# New Wright Book



## Prufrock (Jan 14, 2009)

I don't know if this would be public knowledge or not, but --

Does anyone know if Piper has had any "pre-publication action" with Wright's upcoming book written in response to "The Future of Justification," as Wright did with Piper's?

Whatever one thinks of Piper's works, the fact that he had Wright review his book, and then substantially modified it says a lot to me. He was truly interested in getting at truth, and showing people accurately what is going on, rather than in winning a debate or making Wright look bad. We could all use a bit more of that spirit.


----------



## Guido's Brother (Jan 14, 2009)

Prufrock said:


> Whatever one thinks of Piper's works, the fact that he had Wright review his book, and then substantially modified it says a lot to me. He was truly interested in getting at truth, and showing people accurately what is going on, rather than in winning a debate or making Wright look bad. We could all use a bit more of that spirit.

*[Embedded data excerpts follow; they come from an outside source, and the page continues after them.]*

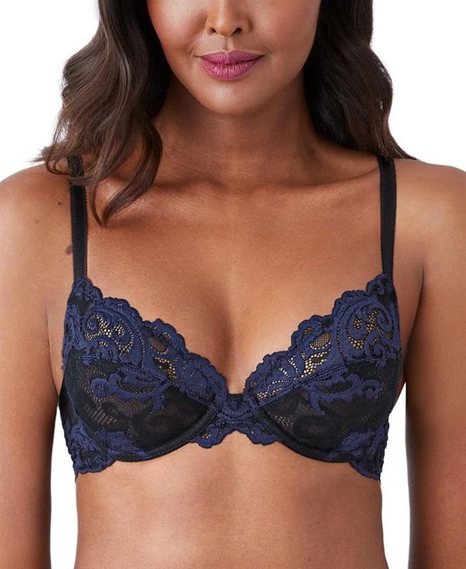 Stunning, romantic, cross-dyed scroll lace, a subtly sexy plunge and a curve-flattering fit keep you ready for anything in Wacoal's instantly iconic bra. Style #851322
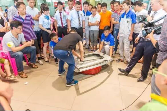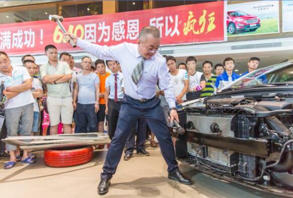 特地請上一名想買車的客戶上來瘋狂砸車,
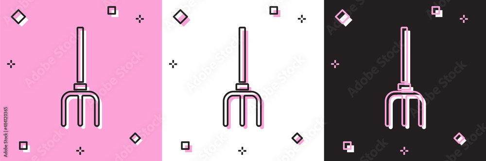 Tableau sur toile Set Garden pitchfork icon isolated on pink and white, black background
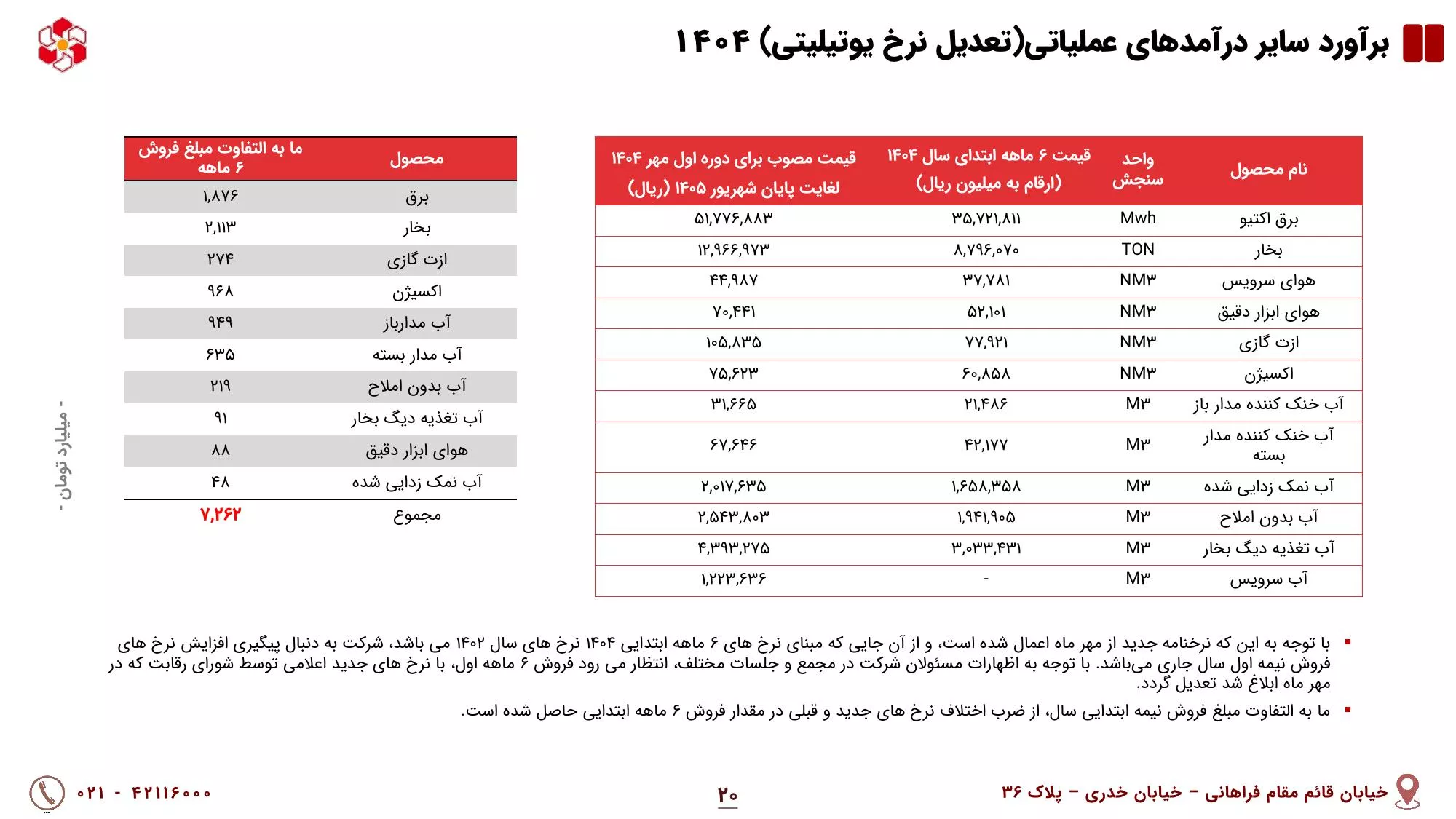 در اسفند ماه سال 402، نرخ سرویسهای جانبی برای سال 401 ابلاغ شده و منجر به تعدیل 5168 میلیارد تومانی درآمدهای عملیاتی در سال مالی 402 شد و با توجه به عدم ابلاغ نرخهای جدید برای سال مالی 402، صورت حساب های فروش به صورت علی الحساب و بر اساس نرخهای اعلامی سال 401 صادر گردیده است و در صورت ابلاغ نرخهای جدید ، سود ان سال نیز تحت تاثیر قرار خواهد گرفت.

I agree. Whatever else you want to say about Piper (good or bad), there's no doubt that he's a gentleman. I noticed this again as I'm preparing for a sermon on Lord's Day 27 of the Heidelberg Catechism and reading the chapter on baptism in Brothers, We Are Not Professionals. While I don't agree with Piper on infant baptism, I hope that I can show the same spirit as I interact with his arguments against it.


----------